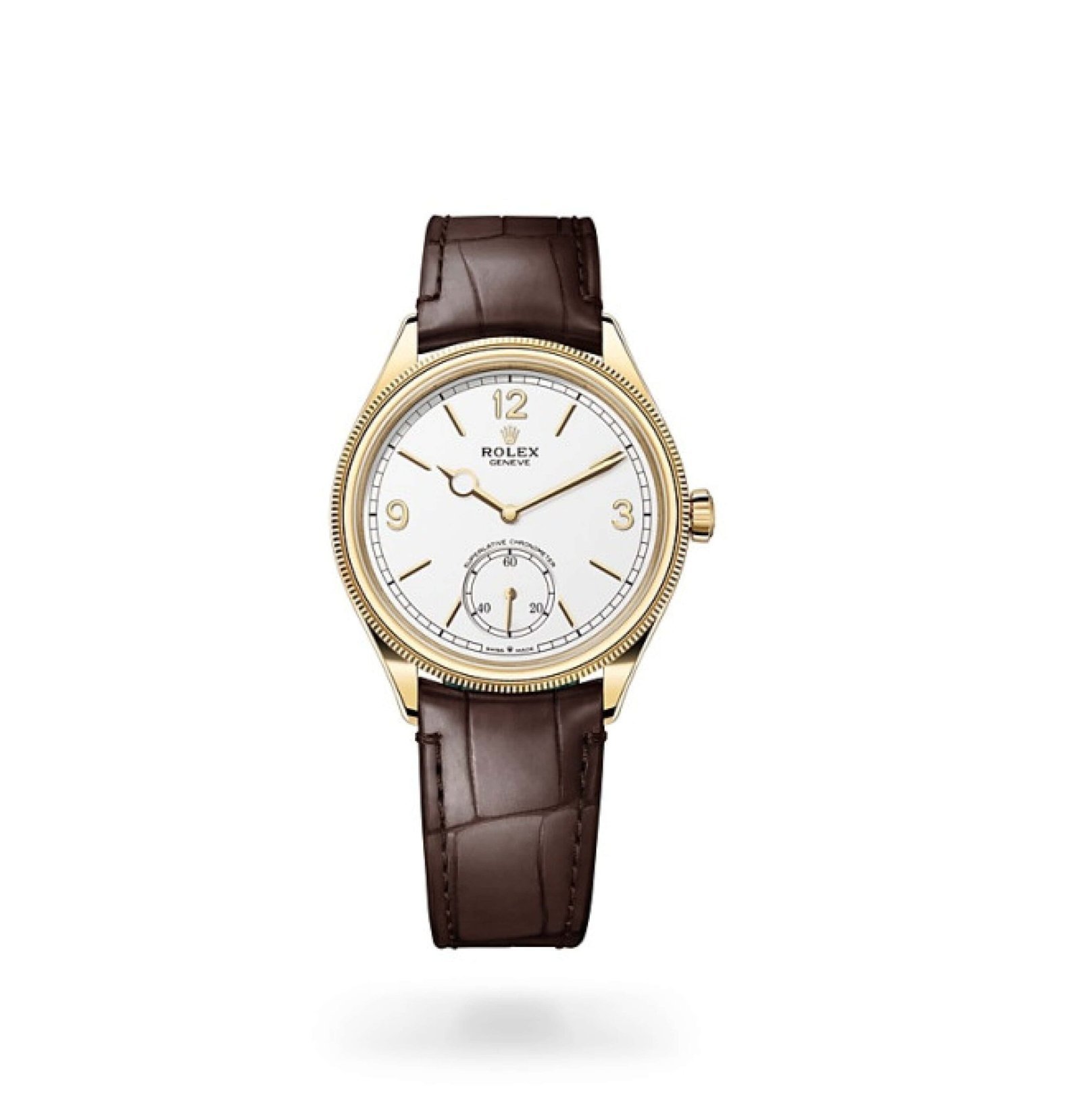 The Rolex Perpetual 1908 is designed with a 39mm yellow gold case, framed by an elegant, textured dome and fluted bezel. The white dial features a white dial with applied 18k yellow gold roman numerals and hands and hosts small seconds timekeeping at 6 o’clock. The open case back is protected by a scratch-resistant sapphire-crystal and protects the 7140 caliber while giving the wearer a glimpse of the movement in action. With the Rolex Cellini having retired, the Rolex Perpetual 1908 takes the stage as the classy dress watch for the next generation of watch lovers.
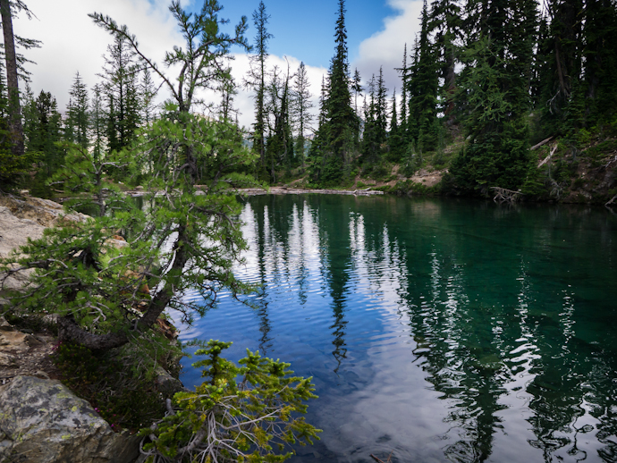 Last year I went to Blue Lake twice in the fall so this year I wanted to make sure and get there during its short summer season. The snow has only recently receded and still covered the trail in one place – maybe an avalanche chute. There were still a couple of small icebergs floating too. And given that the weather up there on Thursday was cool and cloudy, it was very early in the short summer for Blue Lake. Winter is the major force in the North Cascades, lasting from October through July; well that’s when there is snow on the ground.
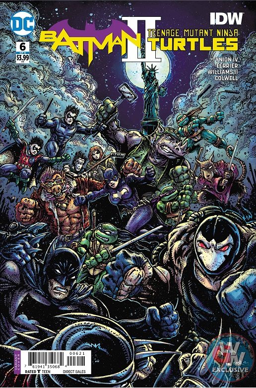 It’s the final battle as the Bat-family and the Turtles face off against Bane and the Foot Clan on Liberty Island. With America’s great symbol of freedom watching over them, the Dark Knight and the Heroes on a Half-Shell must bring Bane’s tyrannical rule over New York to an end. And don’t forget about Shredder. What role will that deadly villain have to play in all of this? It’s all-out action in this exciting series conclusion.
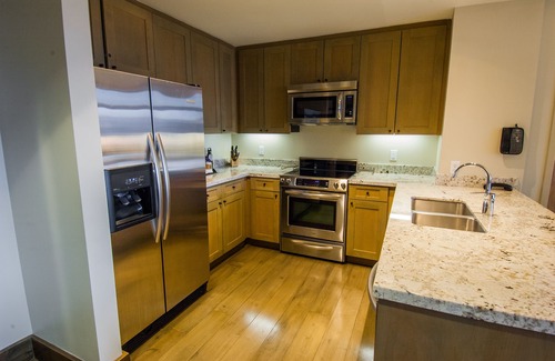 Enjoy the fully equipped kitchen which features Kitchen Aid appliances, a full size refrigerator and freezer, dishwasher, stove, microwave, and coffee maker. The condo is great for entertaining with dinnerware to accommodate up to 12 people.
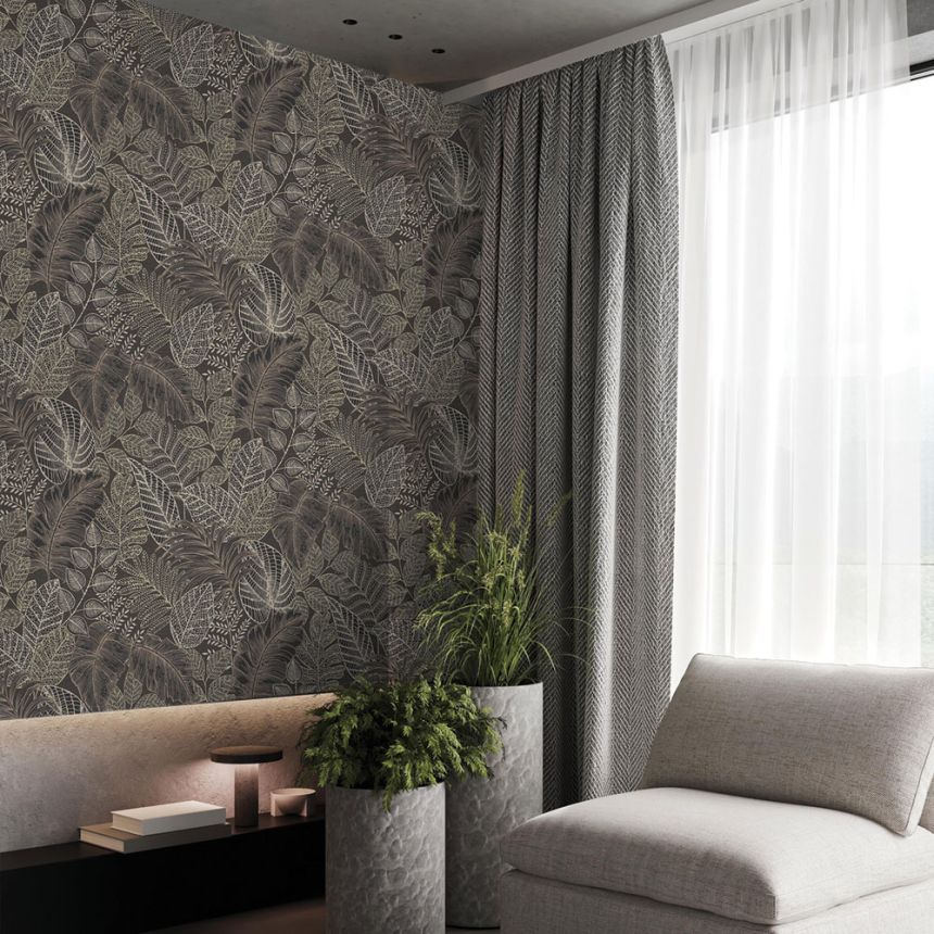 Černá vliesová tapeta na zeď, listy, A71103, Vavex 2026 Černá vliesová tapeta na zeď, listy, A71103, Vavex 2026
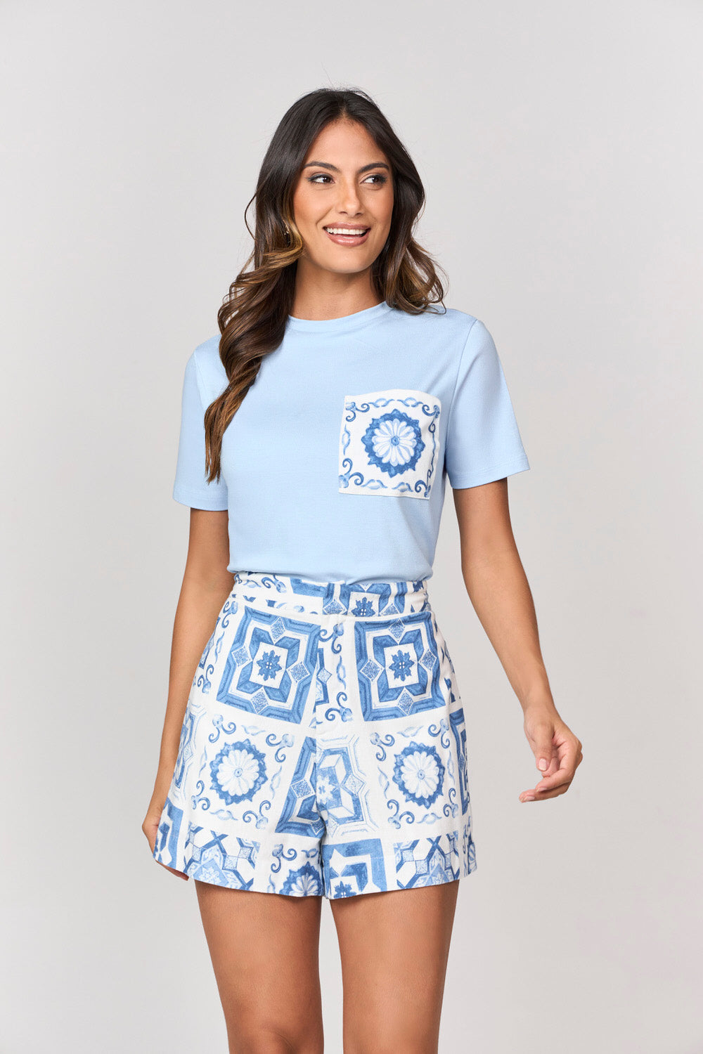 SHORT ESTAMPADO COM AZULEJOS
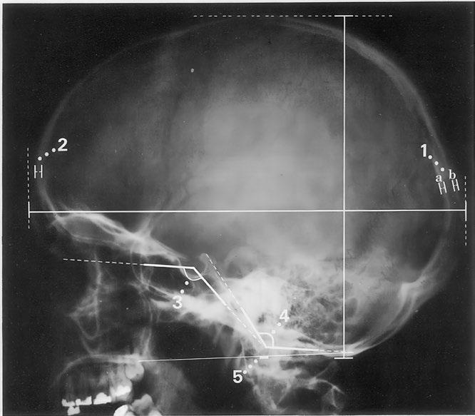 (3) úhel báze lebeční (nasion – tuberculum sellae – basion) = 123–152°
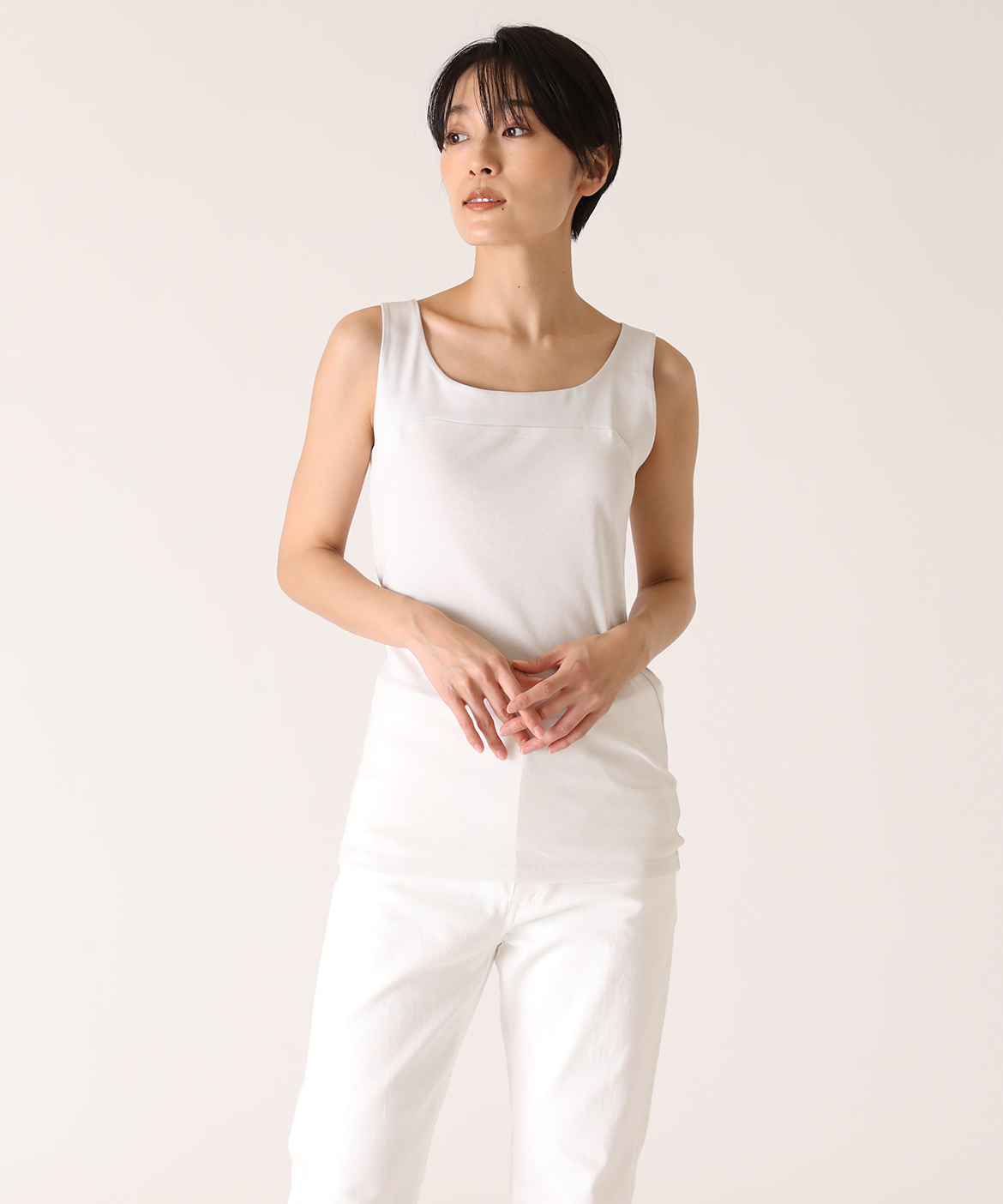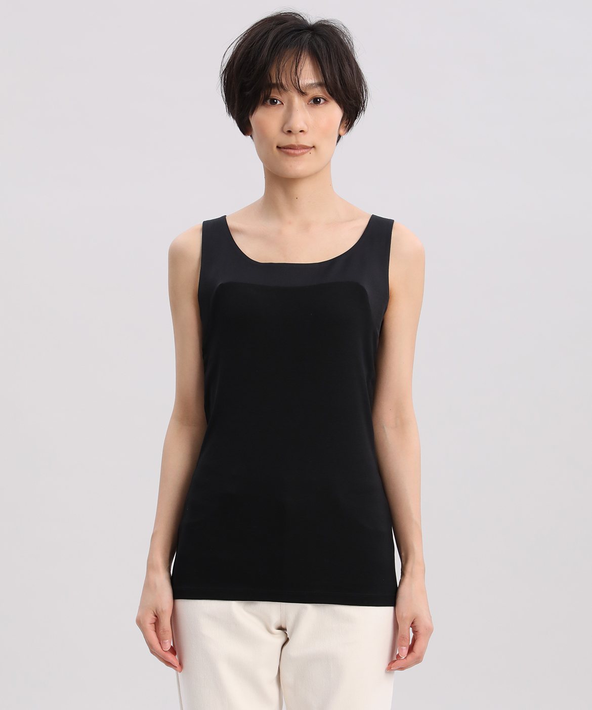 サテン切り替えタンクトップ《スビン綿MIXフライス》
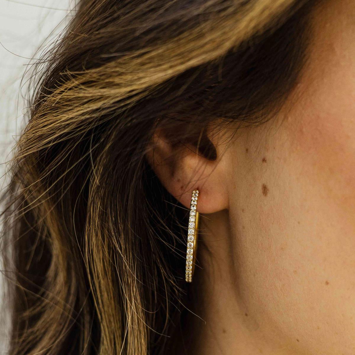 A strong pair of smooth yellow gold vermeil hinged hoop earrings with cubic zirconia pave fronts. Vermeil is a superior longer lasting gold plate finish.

WHAT YOU ARE ASKED TO DO |
Exactly as they appear above, write out all the entries, but not the images.

SOLUTION FOR THIS PROBLEM |
 The Rolex Perpetual 1908 is designed with a 39mm yellow gold case, framed by an elegant, textured dome and fluted bezel. The white dial features a white dial with applied 18k yellow gold roman numerals and hands and hosts small seconds timekeeping at 6 o’clock. The open case back is protected by a scratch-resistant sapphire-crystal and protects the 7140 caliber while giving the wearer a glimpse of the movement in action. With the Rolex Cellini having retired, the Rolex Perpetual 1908 takes the stage as the classy dress watch for the next generation of watch lovers.
 Last year I went to Blue Lake twice in the fall so this year I wanted to make sure and get there during its short summer season. The snow has only recently receded and still covered the trail in one place – maybe an avalanche chute. There were still a couple of small icebergs floating too. And given that the weather up there on Thursday was cool and cloudy, it was very early in the short summer for Blue Lake. Winter is the major force in the North Cascades, lasting from October through July; well that’s when there is snow on the ground.
 It’s the final battle as the Bat-family and the Turtles face off against Bane and the Foot Clan on Liberty Island. With America’s great symbol of freedom watching over them, the Dark Knight and the Heroes on a Half-Shell must bring Bane’s tyrannical rule over New York to an end. And don’t forget about Shredder. What role will that deadly villain have to play in all of this? It’s all-out action in this exciting series conclusion.
 Enjoy the fully equipped kitchen which features Kitchen Aid appliances, a full size refrigerator and freezer, dishwasher, stove, microwave, and coffee maker. The condo is great for entertaining with dinnerware to accommodate up to 12 people.
 Černá vliesová tapeta na zeď, listy, A71103, Vavex 2026 Černá vliesová tapeta na zeď, listy, A71103, Vavex 2026
 SHORT ESTAMPADO COM AZULEJOS
 (3) úhel báze lebeční (nasion – tuberculum sellae – basion) = 123–152°
 サテン切り替えタンクトップ《スビン綿MIXフライス》
 A strong pair of smooth yellow gold vermeil hinged hoop earrings with cubic zirconia pave fronts. Vermeil is a superior longer lasting gold plate finish.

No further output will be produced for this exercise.